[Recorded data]

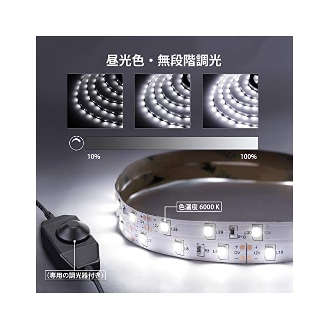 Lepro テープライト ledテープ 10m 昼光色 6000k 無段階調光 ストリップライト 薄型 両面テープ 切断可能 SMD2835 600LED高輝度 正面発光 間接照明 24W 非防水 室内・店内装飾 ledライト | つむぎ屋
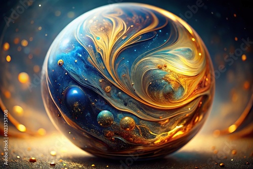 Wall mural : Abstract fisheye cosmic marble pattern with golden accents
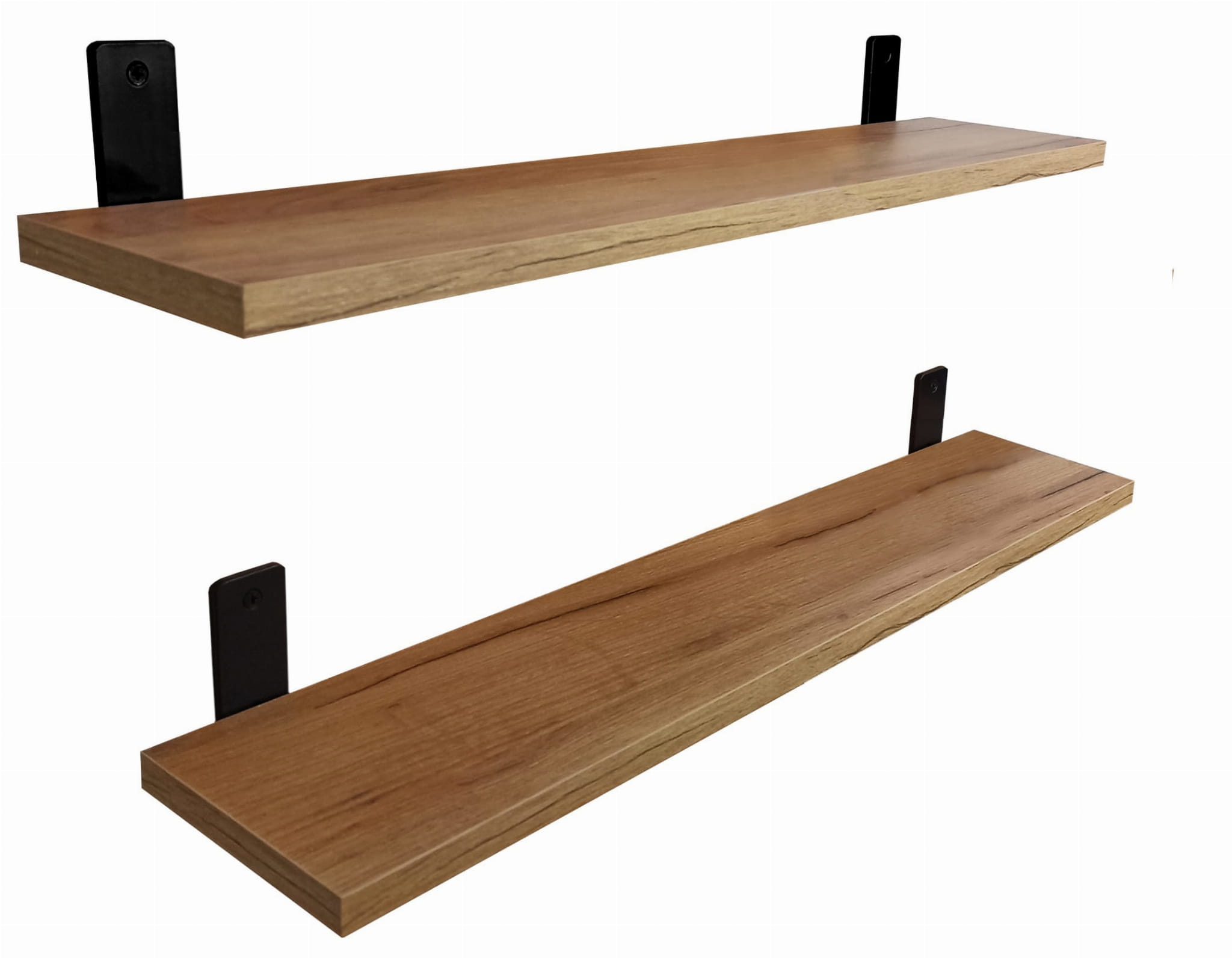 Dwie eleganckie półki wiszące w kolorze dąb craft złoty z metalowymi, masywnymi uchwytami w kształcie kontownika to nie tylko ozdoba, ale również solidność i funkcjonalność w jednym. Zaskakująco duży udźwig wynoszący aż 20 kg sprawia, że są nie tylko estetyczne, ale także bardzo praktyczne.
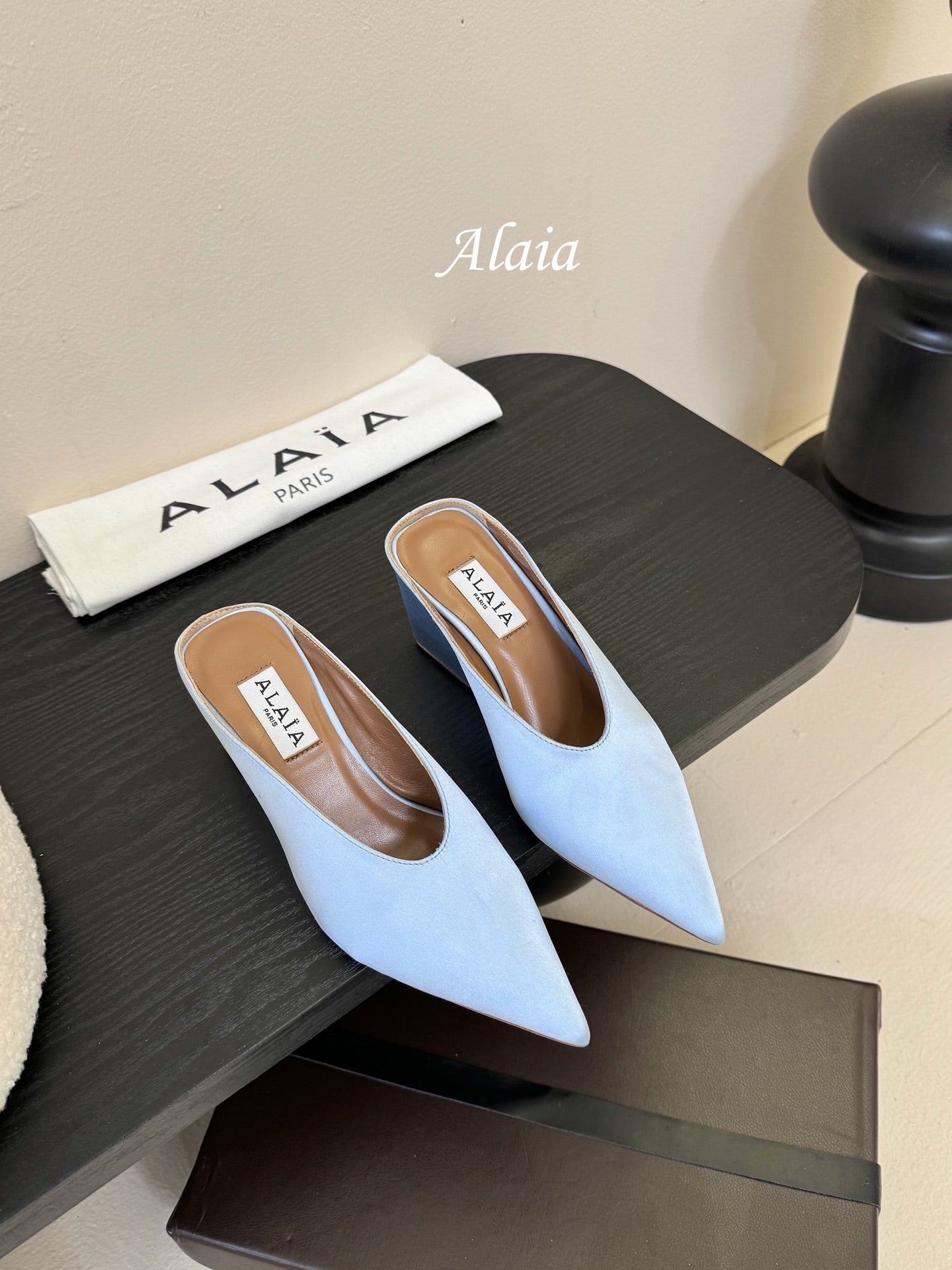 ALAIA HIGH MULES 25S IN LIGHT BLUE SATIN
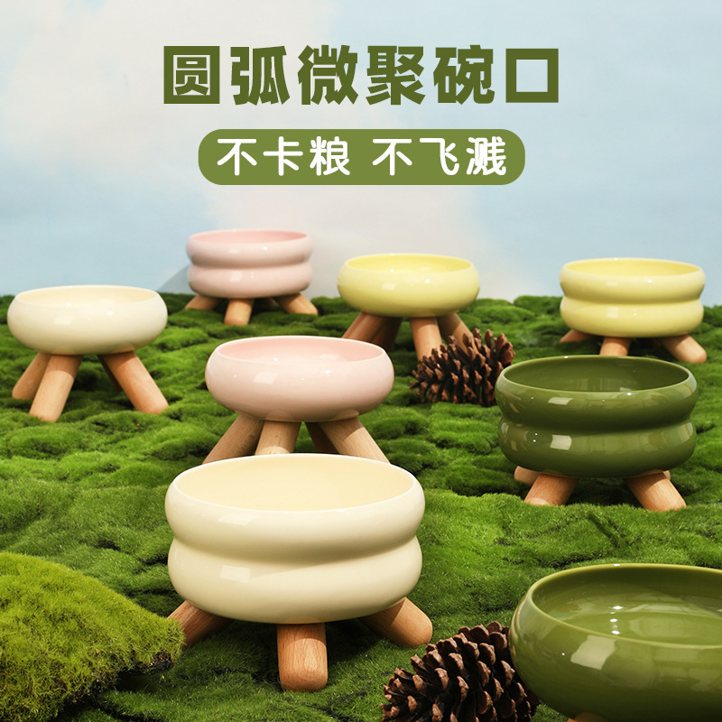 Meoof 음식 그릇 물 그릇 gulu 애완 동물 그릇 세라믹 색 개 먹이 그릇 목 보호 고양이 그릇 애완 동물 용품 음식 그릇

#### Your instructions
Do not include pictures. Copy only the lines running from the line with "Wall mural : Abstract" through the last line of the records, exactly as they appear.

#### Output
 Wall mural : Abstract fisheye cosmic marble pattern with golden accents
 Dwie eleganckie półki wiszące w kolorze dąb craft złoty z metalowymi, masywnymi uchwytami w kształcie kontownika to nie tylko ozdoba, ale również solidność i funkcjonalność w jednym. Zaskakująco duży udźwig wynoszący aż 20 kg sprawia, że są nie tylko estetyczne, ale także bardzo praktyczne.
 ALAIA HIGH MULES 25S IN LIGHT BLUE SATIN
 Meoof 음식 그릇 물 그릇 gulu 애완 동물 그릇 세라믹 색 개 먹이 그릇 목 보호 고양이 그릇 애완 동물 용품 음식 그릇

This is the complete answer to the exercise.